YOUR TASK: When you reach the line with "Broek met een" in the listing below, write out that line and every one after it exactly, and skip the pictures.

SUPPLIED MATERIAL:
* * *

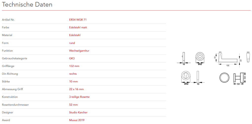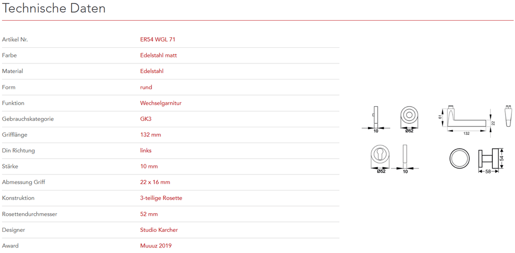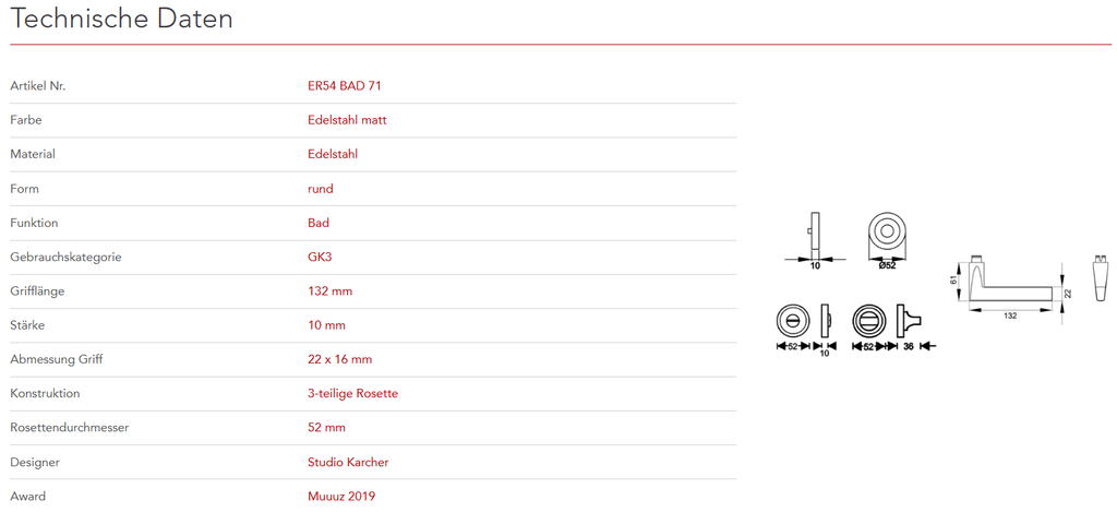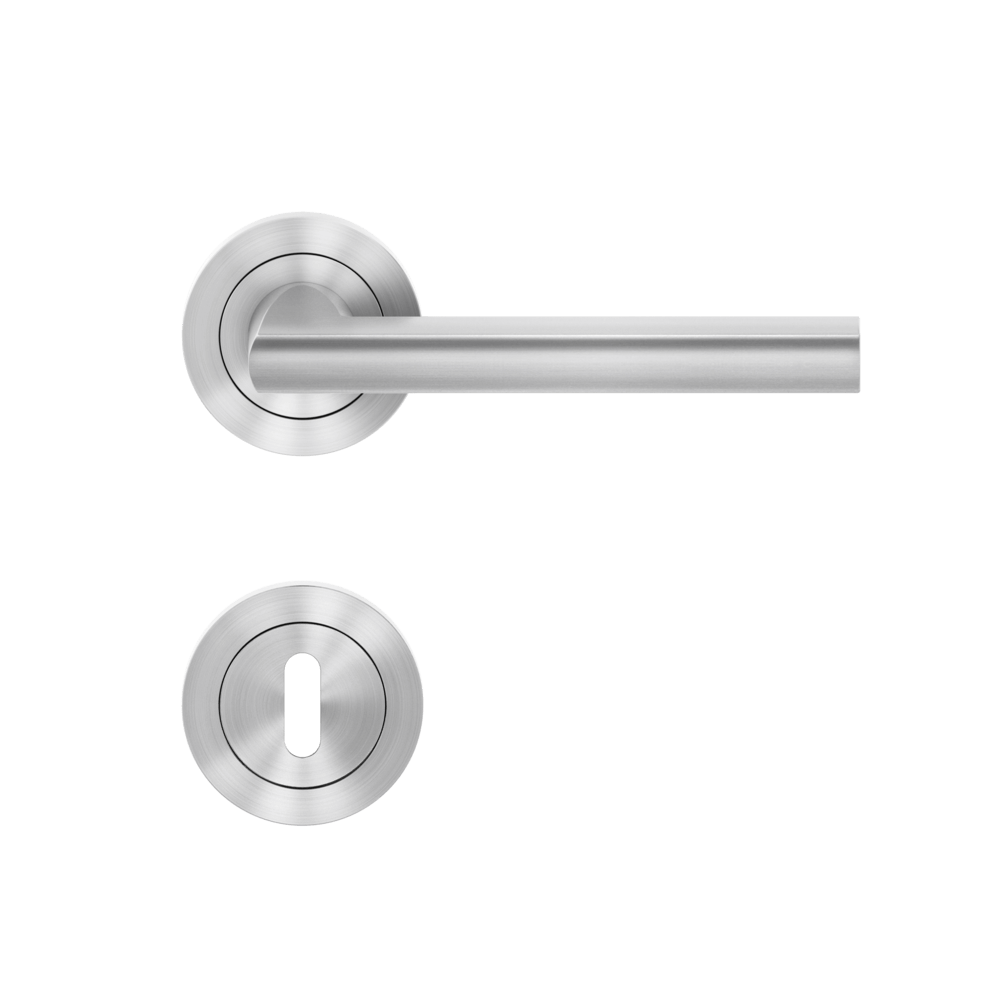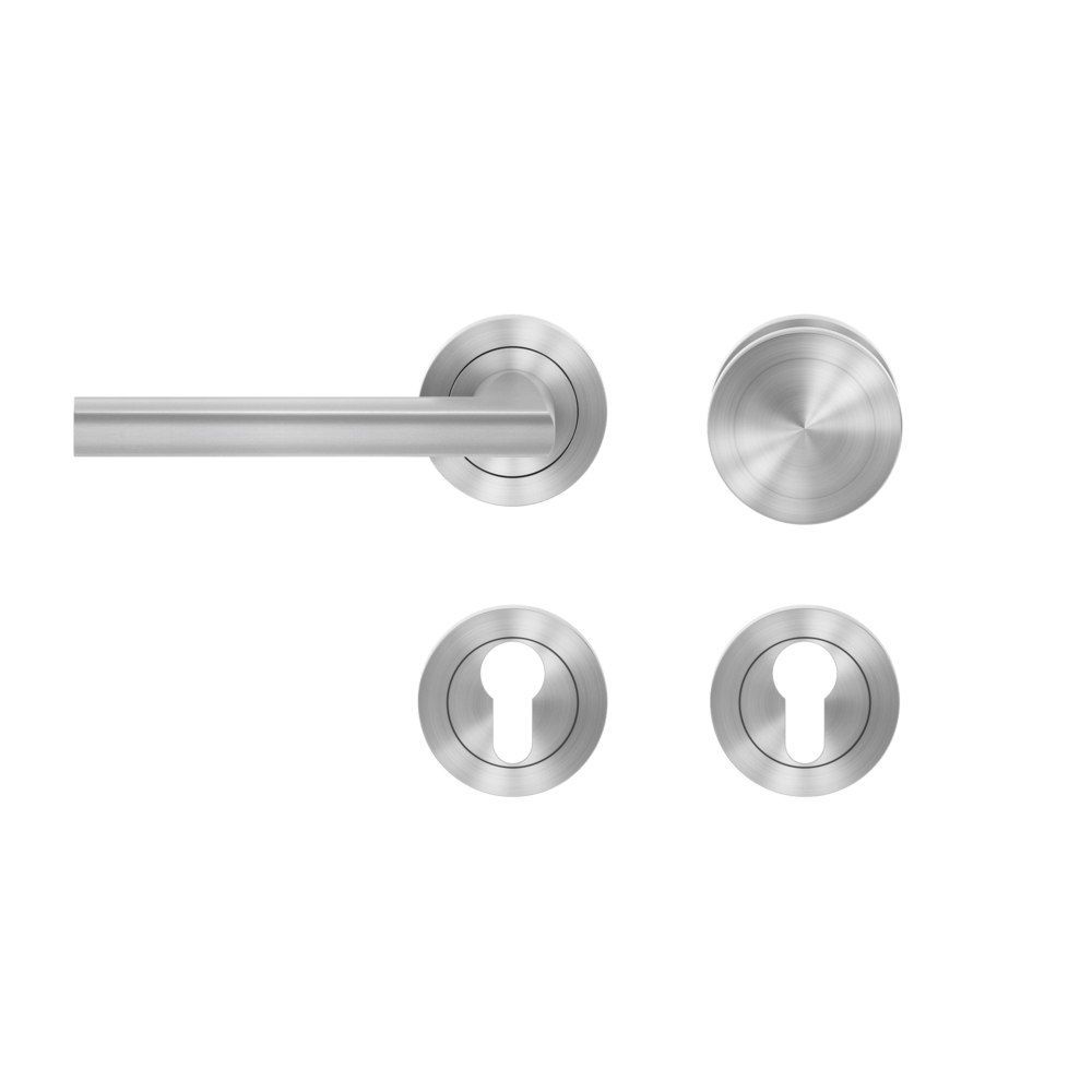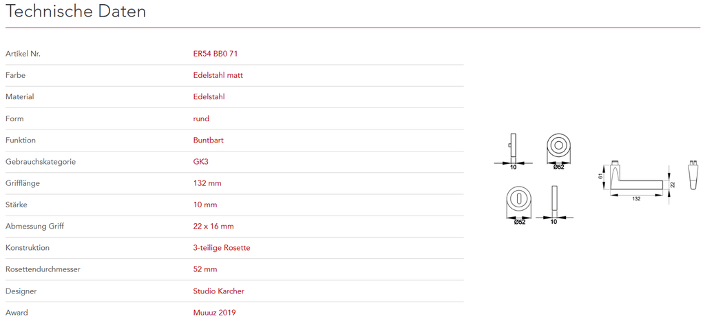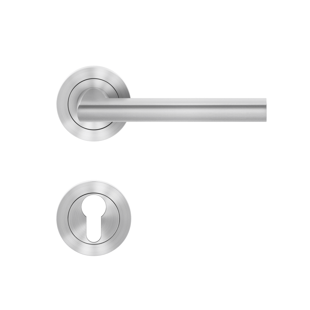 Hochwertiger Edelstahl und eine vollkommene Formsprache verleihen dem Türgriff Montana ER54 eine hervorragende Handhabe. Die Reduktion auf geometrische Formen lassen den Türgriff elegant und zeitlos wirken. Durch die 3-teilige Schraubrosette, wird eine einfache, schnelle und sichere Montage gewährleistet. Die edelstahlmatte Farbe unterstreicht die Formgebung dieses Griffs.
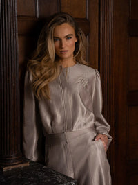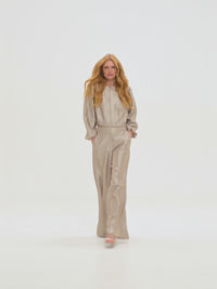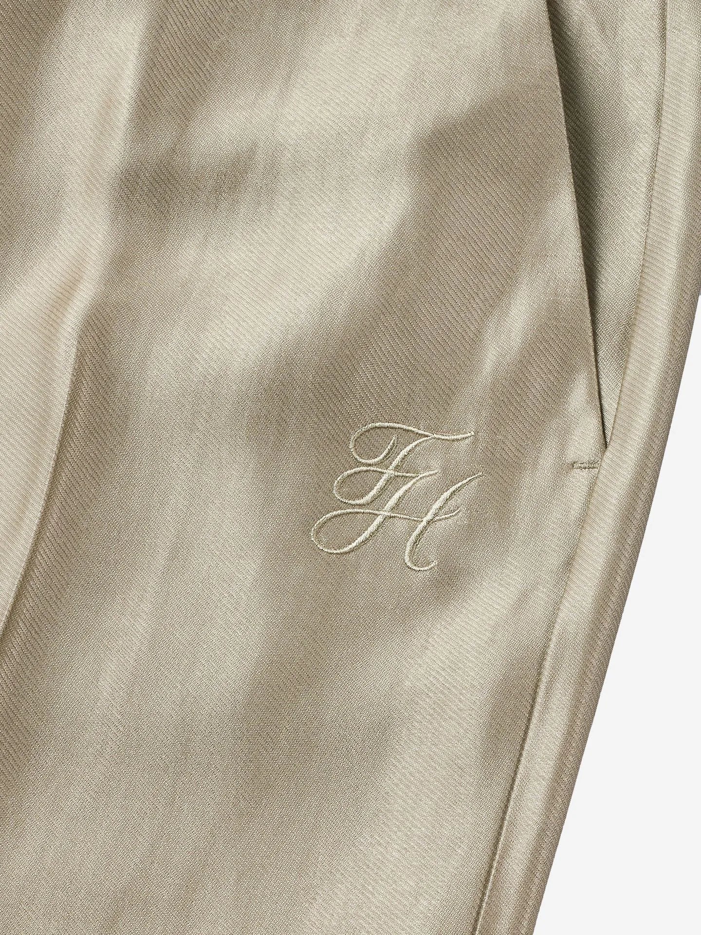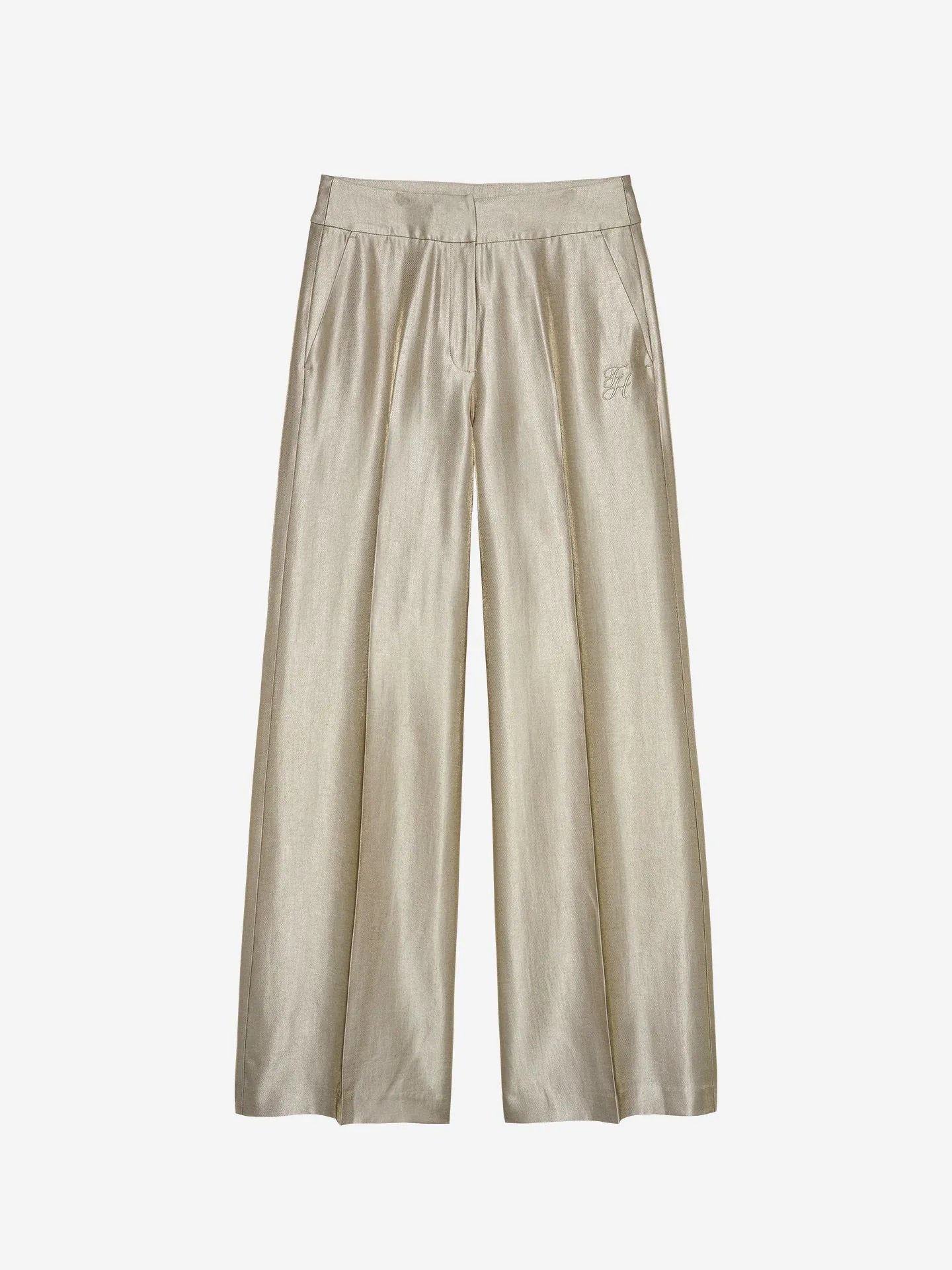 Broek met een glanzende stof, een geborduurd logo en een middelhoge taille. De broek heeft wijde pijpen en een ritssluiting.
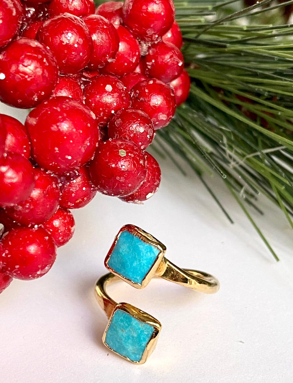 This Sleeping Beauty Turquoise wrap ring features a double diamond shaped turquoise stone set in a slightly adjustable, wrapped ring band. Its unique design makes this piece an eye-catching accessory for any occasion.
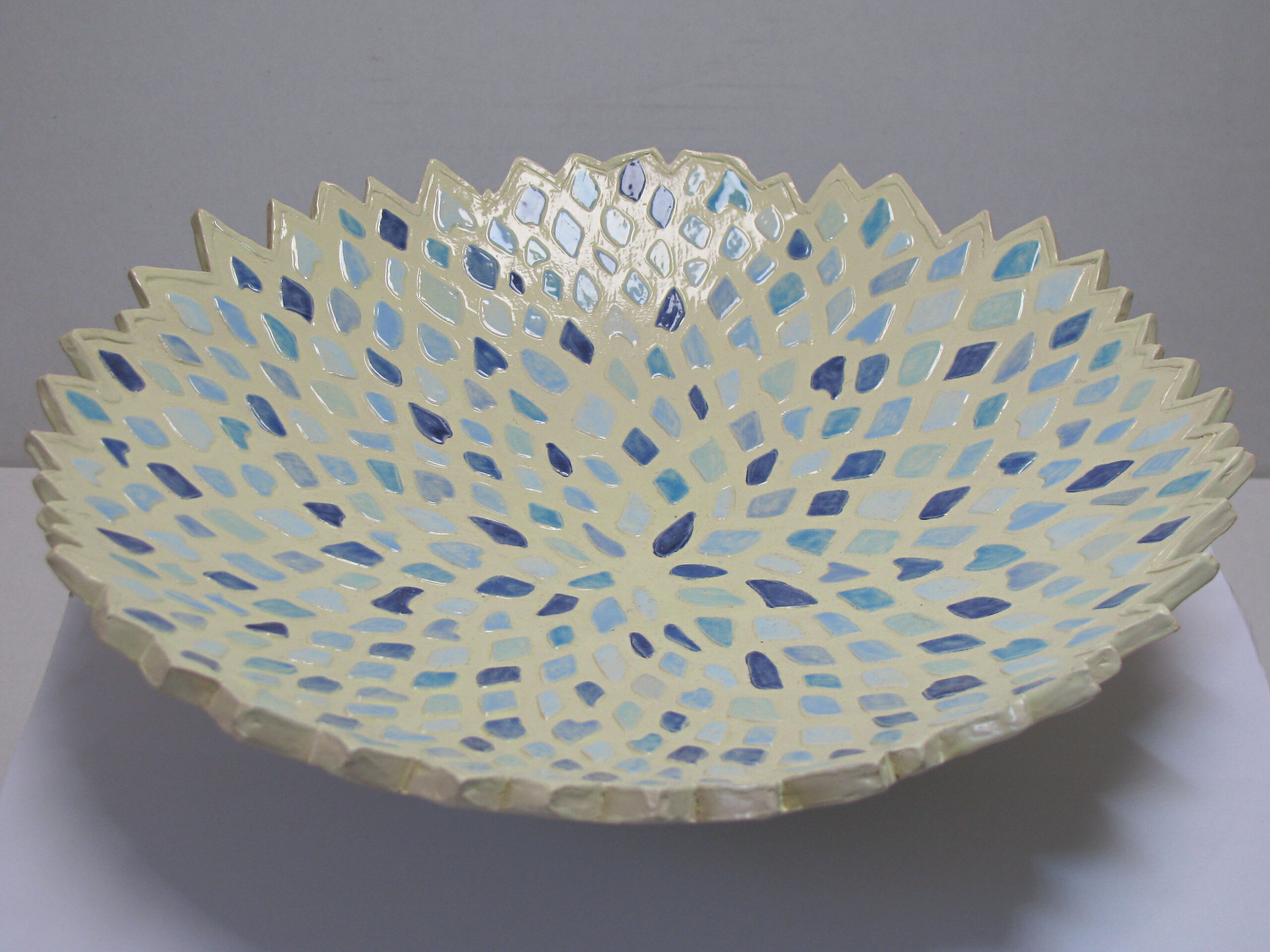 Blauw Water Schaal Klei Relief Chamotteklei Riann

* * *

SOLUTION TO THE EXERCISE:
 Broek met een glanzende stof, een geborduurd logo en een middelhoge taille. De broek heeft wijde pijpen en een ritssluiting.
 This Sleeping Beauty Turquoise wrap ring features a double diamond shaped turquoise stone set in a slightly adjustable, wrapped ring band. Its unique design makes this piece an eye-catching accessory for any occasion.
 Blauw Water Schaal Klei Relief Chamotteklei Riann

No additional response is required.